The Arroyo Lapa is a classic section (Fig. 1C) exposed at the margins of the homonymous stream, cutting out the South Margin of the Sierra de Chacaicó anticline structure. In this section, the oldest rocks of the Cuyo Group correspond to the Sierra Chacaicó Formation, representing the onset of the Early Jurassic extensive marine transgression in the Neuquén Basin (Volkheimer 1973; Leanza and Hugo 1997). The content of ammonites and radiolarians described in this area allowed assigning the Sierra Chacaicó Formation to the Pliensbachian (Hillebrandt 1981; Pujana 1996). In the basal section, this unit comprises a thick succession of calcareous and tuffaceous sandstone beds, which towards the top are intercalated with heterolites with abundant phytodetritus. These deposits are attributed to shoreface and offshore, Gilbert-type deltaic system affected by hyperpycnal flows (Carmona et al. 2016). The middle and upper sections are represented by offshore environments, reworked by storms and eroded by hyperpycnal flows, that produce channel-levee systems (Ponce et al. 2015; Carmona et al. 2016). The Sierra Chacaicó Formation is covered by a thick succession of tabular mudstone and sparse fine tuffaceous sandstone with tabular geometry, included in the Los Molles Formation (Weaver 1931) and interpreted as offshore-shelf deposits affected by storms and eroded by hyperpycnal flows (Volkheimer 1973; Volkheimer and Quattrocchio 1993; Gulisano and Gutiérrez Pleimling 1995; Ponce et al. 2015; Campetella 2022).

Material and methods

The fossil material was collected at the Arroyo Lapa locality (GPS coordinates: 39°23’21.6”S; 70°25’21.4”W), where a conventional sedimentological analysis was conducted, comprising measurement of the stratigraphic section and a detailed facies description. Integration of these data allowed inferring the depositional environment and the main taphonomic features found in this setting.

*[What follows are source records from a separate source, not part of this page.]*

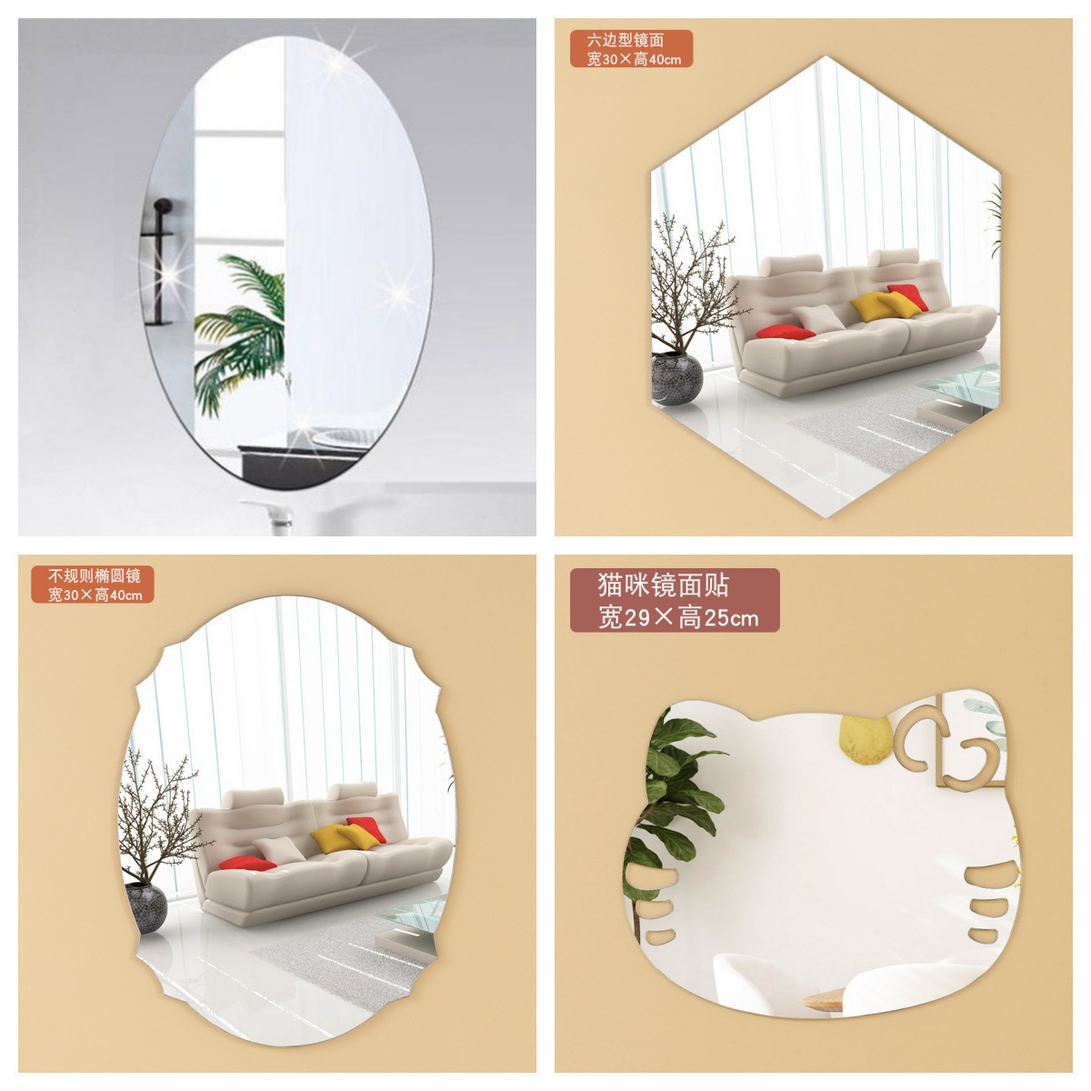 Cross-border mirror wall stickers self-adhesive oval acrylic mirror bathroom decorative mirror wall stickers non-fragile decorative mirror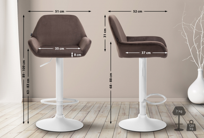 2 ks / set barová židle Braga samet bílá, hnědá | Hnědá | 7 082 Kč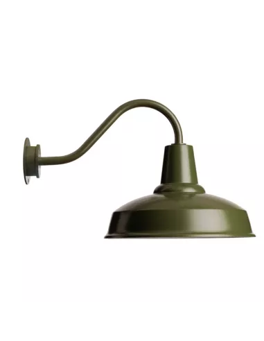 Le corps en aluminium vert kaki déborde du mur de 53 cm et offrira donc, avec son abat-jour de 36 cm de diamètre, un éclairage amplement diffusé, renforcé par la teinte blanche de la partie intérieure.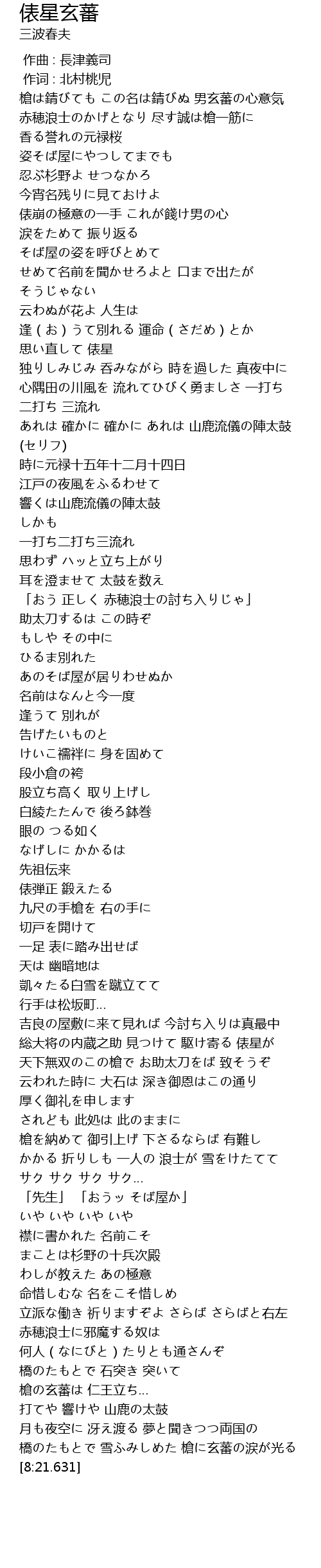 | [0:38.810] | 赤穂浪士のかげとなり 尽す誠は槍一筋に 香る誉れの元禄桜 |

In particular, taphonomic attributes such as transport, disarticulation, replacement and recrystallization were evaluated. Mineralogical, textural and compositional description of the surrounding sediment was made based on a thin section perpendicular to stratification in a binocular microscope Nikon SMZ800.

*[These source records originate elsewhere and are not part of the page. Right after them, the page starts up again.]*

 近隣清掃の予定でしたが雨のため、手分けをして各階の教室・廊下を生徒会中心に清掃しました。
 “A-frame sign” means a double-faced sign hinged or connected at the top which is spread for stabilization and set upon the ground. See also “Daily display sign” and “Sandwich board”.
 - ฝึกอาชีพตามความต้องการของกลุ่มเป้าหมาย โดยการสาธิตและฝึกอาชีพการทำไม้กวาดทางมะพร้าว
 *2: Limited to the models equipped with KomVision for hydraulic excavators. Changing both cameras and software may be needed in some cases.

The fossil was observed with a ZEISS®-AXIO Ima­ger A2m optical microscope, and photographed with AxioCamEL®. Furthermore, detailed SEM images were taken using Zeiss® Scanning Electronic Microscope, model Evo MA 15, and EDS studies were performed in order to determine cement and framboidal surrounding structures.
Fossil measurements were taken with ZEN 2 core v.2.4 software. Illustrations and figures were made using CorelDraw and Adobe Illustrator software.

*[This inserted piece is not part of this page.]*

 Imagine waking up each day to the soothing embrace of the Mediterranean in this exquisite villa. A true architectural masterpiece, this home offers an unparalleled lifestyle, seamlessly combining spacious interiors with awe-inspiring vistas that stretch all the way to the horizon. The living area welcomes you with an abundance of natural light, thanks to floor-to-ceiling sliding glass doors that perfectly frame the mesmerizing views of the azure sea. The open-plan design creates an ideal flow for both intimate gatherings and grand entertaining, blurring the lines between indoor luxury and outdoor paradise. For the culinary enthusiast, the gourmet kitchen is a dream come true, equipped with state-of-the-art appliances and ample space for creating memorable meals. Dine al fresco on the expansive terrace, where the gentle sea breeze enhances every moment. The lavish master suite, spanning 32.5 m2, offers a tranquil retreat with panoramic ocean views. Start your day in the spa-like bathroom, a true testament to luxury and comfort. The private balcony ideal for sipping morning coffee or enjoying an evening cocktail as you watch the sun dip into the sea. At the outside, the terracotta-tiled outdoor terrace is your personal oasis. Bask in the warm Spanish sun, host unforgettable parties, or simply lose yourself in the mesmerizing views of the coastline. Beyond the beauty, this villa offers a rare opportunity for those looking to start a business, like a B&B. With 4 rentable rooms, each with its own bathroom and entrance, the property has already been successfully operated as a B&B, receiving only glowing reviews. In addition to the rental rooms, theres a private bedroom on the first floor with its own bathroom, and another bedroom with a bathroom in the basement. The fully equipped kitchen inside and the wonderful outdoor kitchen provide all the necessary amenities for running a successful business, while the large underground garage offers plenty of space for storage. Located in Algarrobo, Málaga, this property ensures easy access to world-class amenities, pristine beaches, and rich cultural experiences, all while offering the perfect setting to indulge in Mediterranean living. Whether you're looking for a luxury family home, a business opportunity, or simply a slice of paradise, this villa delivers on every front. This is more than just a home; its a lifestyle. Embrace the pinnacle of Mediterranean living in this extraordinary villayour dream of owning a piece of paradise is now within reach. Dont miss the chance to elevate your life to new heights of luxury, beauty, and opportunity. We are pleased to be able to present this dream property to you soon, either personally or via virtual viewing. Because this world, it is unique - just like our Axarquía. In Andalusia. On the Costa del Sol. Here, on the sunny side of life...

The studied ophiuroid was temporarily transported to the Instituto de Investigación en Paleobiología y Geología (IIPG) for identification and imaging and subsequently deposited at Museo Olsacher de Zapala under MOZ-PI-5930 number. Fossil study was authorized by Dirección Provincial de Patrimonio Cultural, Gobierno de la Provincia de Neuquén.

Results

The Sierra Chacaicó Formation, exposed at the Arroyo Lapa section, is characterized by a progradational sequence (Fig. 2A). The studied section begins with a fossiliferous limestone layer yielding ammonites and continues with siliciclastic deposits composed by an intercalation of massive, very fine, tuffaceous sandstone and siltstone beds, with parallel lamination, tangential cross-bedding and symmetrical ripples at the top of the beds (Table 1). These layers intercalate with tabular, massive, coarse sandstone to fine conglomerate (Fig. 2A), showing parallel lamination and cross-stratification structures in some cases (Table 1). The aforementioned strata bear numerous plants and phytodetritus (Fig. 2B). The biogenic structures associated with massive and laminated siltstone are dominated by the ichnospecies Chondrites intricatus Brongniart, 1823 (Fig. 2C), followed in abundance by Trichichnus isp. (Fig. 2D), Phycosiphon incertum Fischer-Ooster, 1858 (Fig. 2E), and Phymatoderma isp. (Fig. 2F; Table 1). On the other hand, in the massive, laminated and rippled sandstone deposits, Chondrites intricatus and Phycosiphon incertum are present, albeit Nereites isp. (Fig. 2G) is the dominant ichnogenus (Table 1). These trace fossils are found isolated and present low ichnodiversity and abundance. Interestingly, in finer deposits, the occurrence of pyrite framboids was also recorded.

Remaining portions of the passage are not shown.